What you should do
Every entry below must be copied exactly, with nothing left out.

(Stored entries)
>>>>>
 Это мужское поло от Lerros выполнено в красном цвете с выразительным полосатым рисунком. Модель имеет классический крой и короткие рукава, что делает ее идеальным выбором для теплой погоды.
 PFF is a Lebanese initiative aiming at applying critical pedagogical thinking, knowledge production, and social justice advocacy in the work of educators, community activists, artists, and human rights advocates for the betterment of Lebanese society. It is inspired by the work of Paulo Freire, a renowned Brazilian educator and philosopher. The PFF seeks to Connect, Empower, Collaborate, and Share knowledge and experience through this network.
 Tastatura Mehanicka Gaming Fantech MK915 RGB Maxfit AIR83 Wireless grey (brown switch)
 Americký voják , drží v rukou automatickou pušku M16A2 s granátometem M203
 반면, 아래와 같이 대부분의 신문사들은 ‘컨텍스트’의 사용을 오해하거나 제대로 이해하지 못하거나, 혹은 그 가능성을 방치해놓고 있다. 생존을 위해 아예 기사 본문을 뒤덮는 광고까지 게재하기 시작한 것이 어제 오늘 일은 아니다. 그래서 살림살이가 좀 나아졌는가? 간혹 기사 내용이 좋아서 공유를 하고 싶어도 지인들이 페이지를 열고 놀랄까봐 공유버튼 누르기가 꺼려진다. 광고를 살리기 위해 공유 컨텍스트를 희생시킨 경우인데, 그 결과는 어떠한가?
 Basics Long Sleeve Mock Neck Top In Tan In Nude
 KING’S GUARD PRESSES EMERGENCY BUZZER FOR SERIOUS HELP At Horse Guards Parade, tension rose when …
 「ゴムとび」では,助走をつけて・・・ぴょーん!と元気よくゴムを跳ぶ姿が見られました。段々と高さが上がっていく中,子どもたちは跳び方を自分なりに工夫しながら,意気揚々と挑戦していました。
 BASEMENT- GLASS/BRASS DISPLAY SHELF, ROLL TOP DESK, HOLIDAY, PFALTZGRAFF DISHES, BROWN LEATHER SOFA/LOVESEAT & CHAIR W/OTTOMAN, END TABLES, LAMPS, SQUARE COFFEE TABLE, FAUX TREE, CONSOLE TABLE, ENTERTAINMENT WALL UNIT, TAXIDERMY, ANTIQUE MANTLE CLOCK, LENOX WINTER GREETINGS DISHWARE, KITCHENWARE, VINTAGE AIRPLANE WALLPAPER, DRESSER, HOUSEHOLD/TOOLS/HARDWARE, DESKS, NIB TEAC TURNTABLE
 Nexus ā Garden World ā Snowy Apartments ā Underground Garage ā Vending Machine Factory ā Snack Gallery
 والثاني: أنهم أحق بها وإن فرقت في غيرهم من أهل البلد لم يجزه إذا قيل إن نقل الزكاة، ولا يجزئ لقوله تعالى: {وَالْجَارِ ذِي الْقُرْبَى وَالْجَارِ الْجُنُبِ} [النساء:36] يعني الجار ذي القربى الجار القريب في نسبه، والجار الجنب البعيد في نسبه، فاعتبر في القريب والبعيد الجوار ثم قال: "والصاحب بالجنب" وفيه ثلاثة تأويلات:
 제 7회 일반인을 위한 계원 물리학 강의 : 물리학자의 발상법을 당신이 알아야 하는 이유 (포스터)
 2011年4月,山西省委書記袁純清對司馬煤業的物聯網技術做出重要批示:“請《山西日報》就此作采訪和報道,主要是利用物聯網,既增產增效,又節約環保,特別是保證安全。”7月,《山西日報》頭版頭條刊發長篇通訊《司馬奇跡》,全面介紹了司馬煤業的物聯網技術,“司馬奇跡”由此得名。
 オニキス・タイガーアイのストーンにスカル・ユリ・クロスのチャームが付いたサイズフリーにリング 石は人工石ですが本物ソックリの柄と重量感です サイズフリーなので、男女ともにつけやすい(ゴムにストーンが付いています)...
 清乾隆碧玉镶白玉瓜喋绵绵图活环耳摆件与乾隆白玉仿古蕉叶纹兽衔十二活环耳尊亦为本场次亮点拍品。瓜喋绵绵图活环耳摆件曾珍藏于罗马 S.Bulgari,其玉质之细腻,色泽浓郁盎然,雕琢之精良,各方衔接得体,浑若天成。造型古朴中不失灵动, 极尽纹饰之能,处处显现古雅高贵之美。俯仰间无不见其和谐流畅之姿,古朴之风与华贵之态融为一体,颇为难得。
<<<<<
Problem solution
 Это мужское поло от Lerros выполнено в красном цвете с выразительным полосатым рисунком. Модель имеет классический крой и короткие рукава, что делает ее идеальным выбором для теплой погоды.
 PFF is a Lebanese initiative aiming at applying critical pedagogical thinking, knowledge production, and social justice advocacy in the work of educators, community activists, artists, and human rights advocates for the betterment of Lebanese society. It is inspired by the work of Paulo Freire, a renowned Brazilian educator and philosopher. The PFF seeks to Connect, Empower, Collaborate, and Share knowledge and experience through this network.
 Tastatura Mehanicka Gaming Fantech MK915 RGB Maxfit AIR83 Wireless grey (brown switch)
 Americký voják , drží v rukou automatickou pušku M16A2 s granátometem M203
 반면, 아래와 같이 대부분의 신문사들은 ‘컨텍스트’의 사용을 오해하거나 제대로 이해하지 못하거나, 혹은 그 가능성을 방치해놓고 있다. 생존을 위해 아예 기사 본문을 뒤덮는 광고까지 게재하기 시작한 것이 어제 오늘 일은 아니다. 그래서 살림살이가 좀 나아졌는가? 간혹 기사 내용이 좋아서 공유를 하고 싶어도 지인들이 페이지를 열고 놀랄까봐 공유버튼 누르기가 꺼려진다. 광고를 살리기 위해 공유 컨텍스트를 희생시킨 경우인데, 그 결과는 어떠한가?
 Basics Long Sleeve Mock Neck Top In Tan In Nude
 KING’S GUARD PRESSES EMERGENCY BUZZER FOR SERIOUS HELP At Horse Guards Parade, tension rose when …
 「ゴムとび」では,助走をつけて・・・ぴょーん!と元気よくゴムを跳ぶ姿が見られました。段々と高さが上がっていく中,子どもたちは跳び方を自分なりに工夫しながら,意気揚々と挑戦していました。
 BASEMENT- GLASS/BRASS DISPLAY SHELF, ROLL TOP DESK, HOLIDAY, PFALTZGRAFF DISHES, BROWN LEATHER SOFA/LOVESEAT & CHAIR W/OTTOMAN, END TABLES, LAMPS, SQUARE COFFEE TABLE, FAUX TREE, CONSOLE TABLE, ENTERTAINMENT WALL UNIT, TAXIDERMY, ANTIQUE MANTLE CLOCK, LENOX WINTER GREETINGS DISHWARE, KITCHENWARE, VINTAGE AIRPLANE WALLPAPER, DRESSER, HOUSEHOLD/TOOLS/HARDWARE, DESKS, NIB TEAC TURNTABLE
 Nexus ā Garden World ā Snowy Apartments ā Underground Garage ā Vending Machine Factory ā Snack Gallery
 والثاني: أنهم أحق بها وإن فرقت في غيرهم من أهل البلد لم يجزه إذا قيل إن نقل الزكاة، ولا يجزئ لقوله تعالى: {وَالْجَارِ ذِي الْقُرْبَى وَالْجَارِ الْجُنُبِ} [النساء:36] يعني الجار ذي القربى الجار القريب في نسبه، والجار الجنب البعيد في نسبه، فاعتبر في القريب والبعيد الجوار ثم قال: "والصاحب بالجنب" وفيه ثلاثة تأويلات:
 제 7회 일반인을 위한 계원 물리학 강의 : 물리학자의 발상법을 당신이 알아야 하는 이유 (포스터)
 2011年4月,山西省委書記袁純清對司馬煤業的物聯網技術做出重要批示:“請《山西日報》就此作采訪和報道,主要是利用物聯網,既增產增效,又節約環保,特別是保證安全。”7月,《山西日報》頭版頭條刊發長篇通訊《司馬奇跡》,全面介紹了司馬煤業的物聯網技術,“司馬奇跡”由此得名。
 オニキス・タイガーアイのストーンにスカル・ユリ・クロスのチャームが付いたサイズフリーにリング 石は人工石ですが本物ソックリの柄と重量感です サイズフリーなので、男女ともにつけやすい(ゴムにストーンが付いています)...
 清乾隆碧玉镶白玉瓜喋绵绵图活环耳摆件与乾隆白玉仿古蕉叶纹兽衔十二活环耳尊亦为本场次亮点拍品。瓜喋绵绵图活环耳摆件曾珍藏于罗马 S.Bulgari,其玉质之细腻,色泽浓郁盎然,雕琢之精良,各方衔接得体,浑若天成。造型古朴中不失灵动, 极尽纹饰之能,处处显现古雅高贵之美。俯仰间无不见其和谐流畅之姿,古朴之风与华贵之态融为一体,颇为难得。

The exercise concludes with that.